In this program we will be counting the no. of digits in the input integer. For Eg. lets say we input 342567 so the no. of digits is 6.
There are two different method for counting the digits.

Using a loop whether it be a while or recursive loop.
Using a log but that is applicable only for positive numbers.

In this article, we will be demonstrating it through while loop.

What should be the approach for this program?

Let's consider we have a number 342567 so how can we count its digit? First thing is clear that we have to use a loop as we are counting the digits, as long as the loop will run we will add the 1 to the variable. But we don't know the length of integer so what we can do is divide it by 10.We divide until the number becomes zero so loop will run until the length of digits. Though this we can count no. of digits in a given integer.

Flowchart for counting no. of digits in the number:

Remove WaterMark from Above Flowchart

Algorithm for counting no. of digits in the number:

Declare variable a and n; //n variable is used for counting Read number a; while(a not equal 0) a=a/10; n=n+1; end Print n;

Here in this algorithm we declare a variable "a" for storing the number whose digits we have to count and a variable n for counting the digits. We read the variable a. Let's take a number 456235 we have to count it's digit, so we store it in the variable a.

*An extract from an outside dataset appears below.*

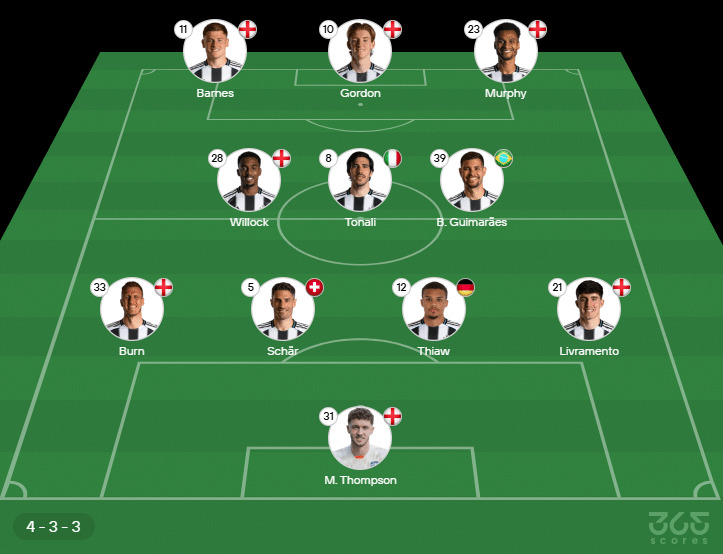 • Escalação do Newcastle: Thompson; Livramento, Thiaw, Schär, Burn; Tonali, Bruno Guimarães, Willock; Murphy, Barnes, Gordon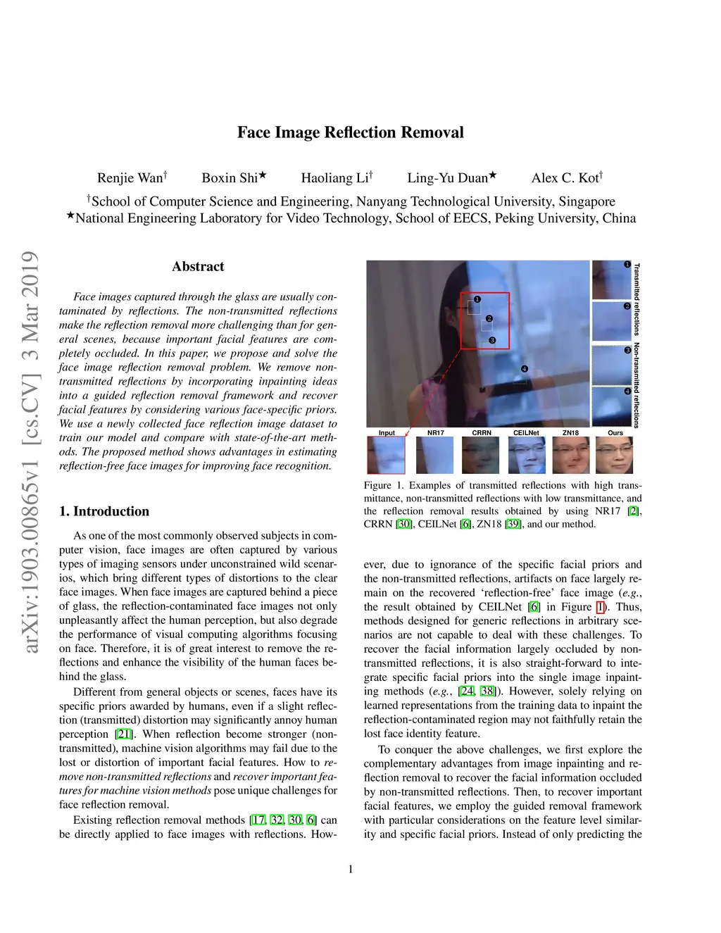 Face Image Reflection Removal

As our number is not zero it will enter the loop, this will be the 1st iteration.

In the 1st iteration, comes a=a/10 so we divide 456235/10 ie. a becomes 45623 and we add a number 1 in n, n becomes 1.
In the 2nd iteration 45623 enters the loop a becomes 4562 and n becomes 2
In the 3rd iteration 4562 enters the loop a becomes 456 and n becomes 3.
In the 4th iteration 456 enters the loop a becomes 45 and n becomes 4.
In the 5th iteration 45 enters the loop a becomes 4 n becomes 5.
In the 6th iteration a becomes 0 and n becomes 6

Now the a will not enter the loop so we print the value of n which is 6.

Count Number of Digits in an Integer Implementation in C:

#include<stdio.h> int main() { int a, n; printf("Enter a number:"); scanf("%d", & a); while (a != 0) { a /= 10; n++; } printf("No. of digits is %d", n); }

Note: The value stored in the variable is int hence the digit should be in between -32,768 to 32,767 or -2,147,483,648 to 2,147,483,647 depending on whether you have 32 bit or 64 bit compiler. At max a variable can store 9223372036854775807 this much large number using long datatype.